TASK TO COMPLETE
When you retype the data, keep every word exactly and include none of the pictures.

DATASET EXCERPT

========

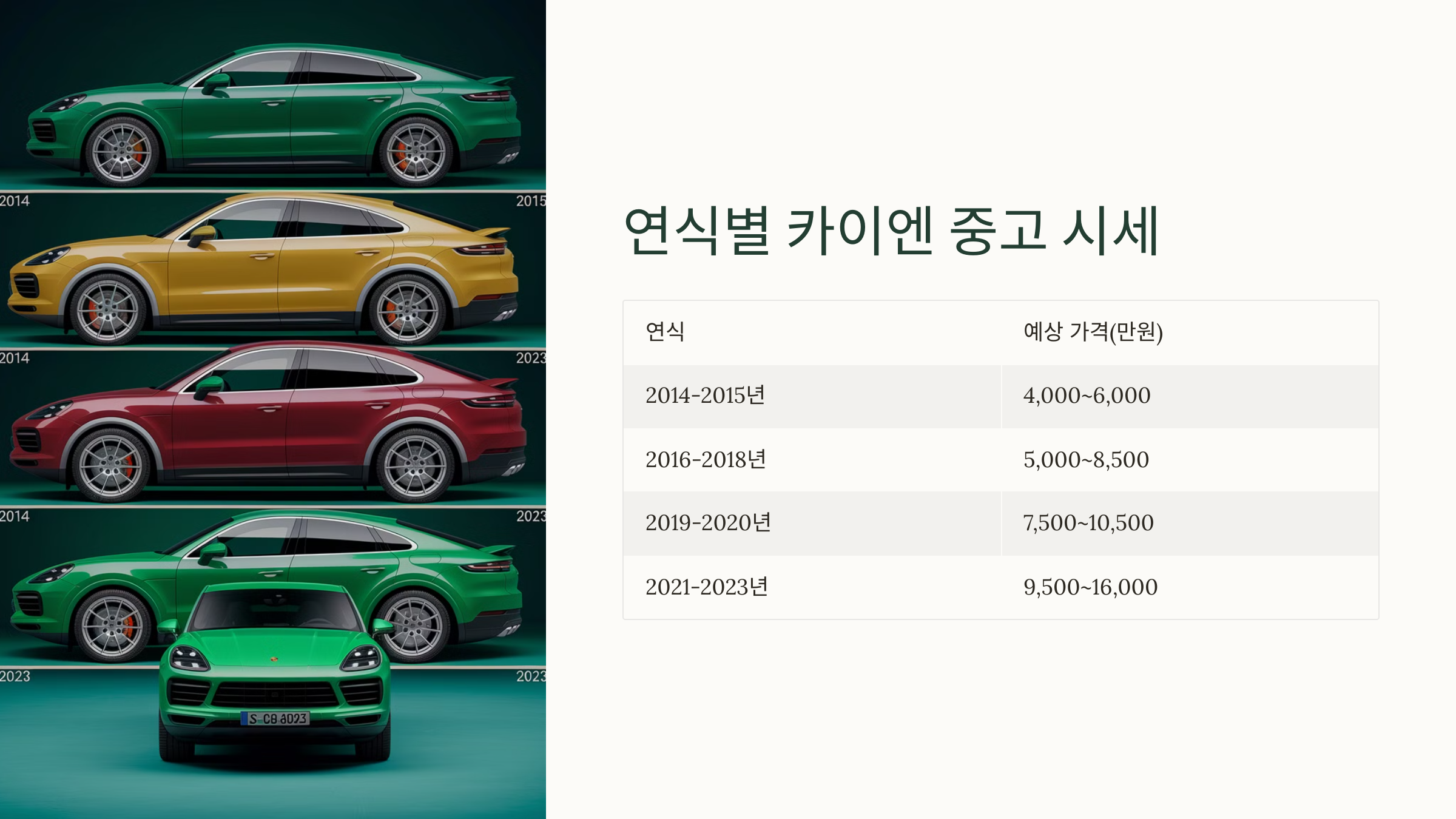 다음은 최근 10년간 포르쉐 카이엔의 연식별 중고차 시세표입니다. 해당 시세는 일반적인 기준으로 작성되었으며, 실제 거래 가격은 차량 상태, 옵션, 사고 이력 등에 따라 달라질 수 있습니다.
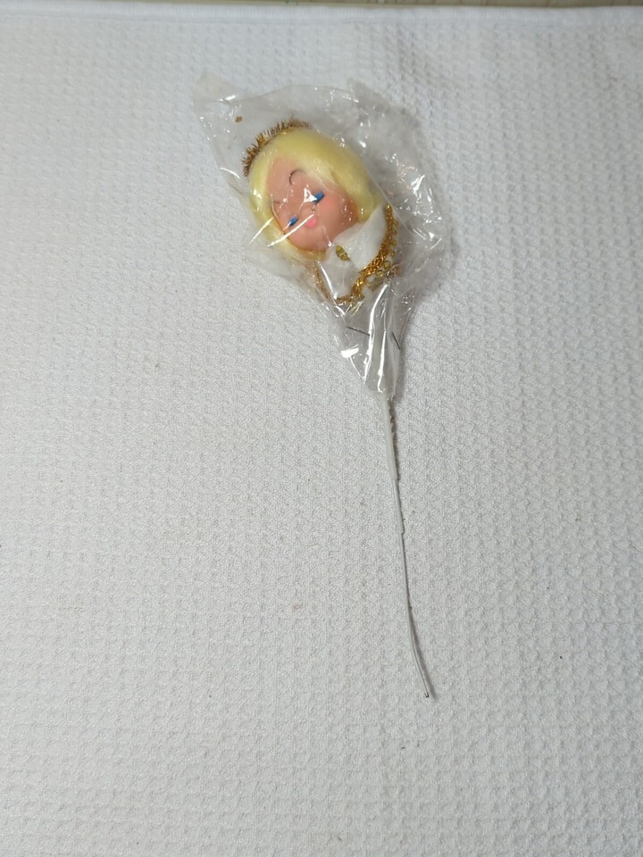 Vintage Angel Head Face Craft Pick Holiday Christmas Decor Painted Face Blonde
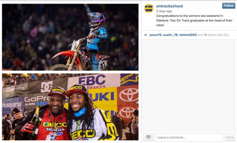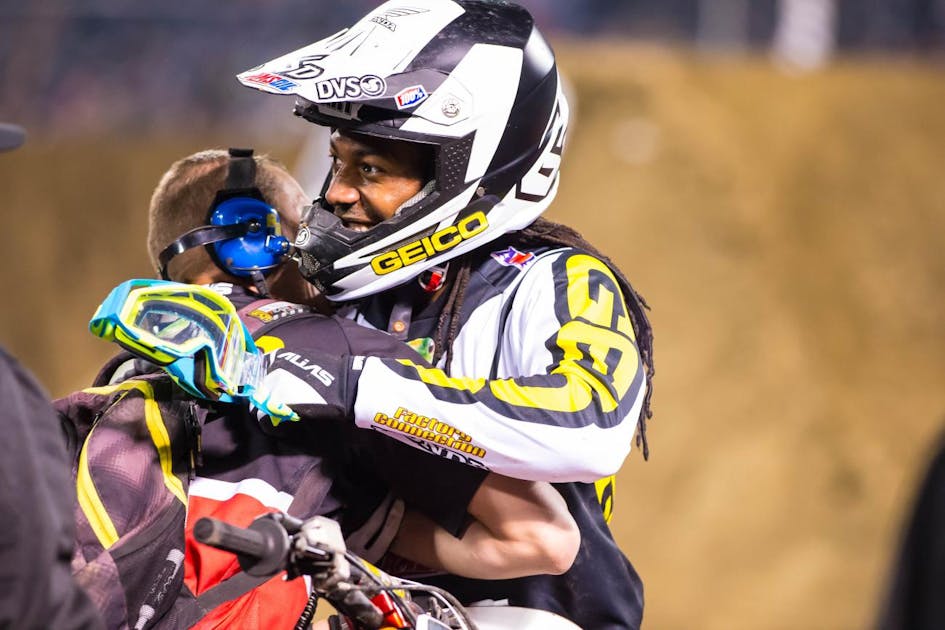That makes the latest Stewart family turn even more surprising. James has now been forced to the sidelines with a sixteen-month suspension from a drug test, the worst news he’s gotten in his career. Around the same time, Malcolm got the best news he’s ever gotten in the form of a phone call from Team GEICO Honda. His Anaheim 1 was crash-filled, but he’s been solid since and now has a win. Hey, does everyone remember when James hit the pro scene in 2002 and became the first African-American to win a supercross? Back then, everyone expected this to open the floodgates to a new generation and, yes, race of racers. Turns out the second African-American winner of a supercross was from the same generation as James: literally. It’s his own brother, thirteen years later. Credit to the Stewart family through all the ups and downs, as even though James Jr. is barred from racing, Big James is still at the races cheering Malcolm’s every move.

========

SOLUTION
 다음은 최근 10년간 포르쉐 카이엔의 연식별 중고차 시세표입니다. 해당 시세는 일반적인 기준으로 작성되었으며, 실제 거래 가격은 차량 상태, 옵션, 사고 이력 등에 따라 달라질 수 있습니다.
 Vintage Angel Head Face Craft Pick Holiday Christmas Decor Painted Face Blonde
That makes the latest Stewart family turn even more surprising. James has now been forced to the sidelines with a sixteen-month suspension from a drug test, the worst news he’s gotten in his career. Around the same time, Malcolm got the best news he’s ever gotten in the form of a phone call from Team GEICO Honda. His Anaheim 1 was crash-filled, but he’s been solid since and now has a win. Hey, does everyone remember when James hit the pro scene in 2002 and became the first African-American to win a supercross? Back then, everyone expected this to open the floodgates to a new generation and, yes, race of racers. Turns out the second African-American winner of a supercross was from the same generation as James: literally. It’s his own brother, thirteen years later. Credit to the Stewart family through all the ups and downs, as even though James Jr. is barred from racing, Big James is still at the races cheering Malcolm’s every move.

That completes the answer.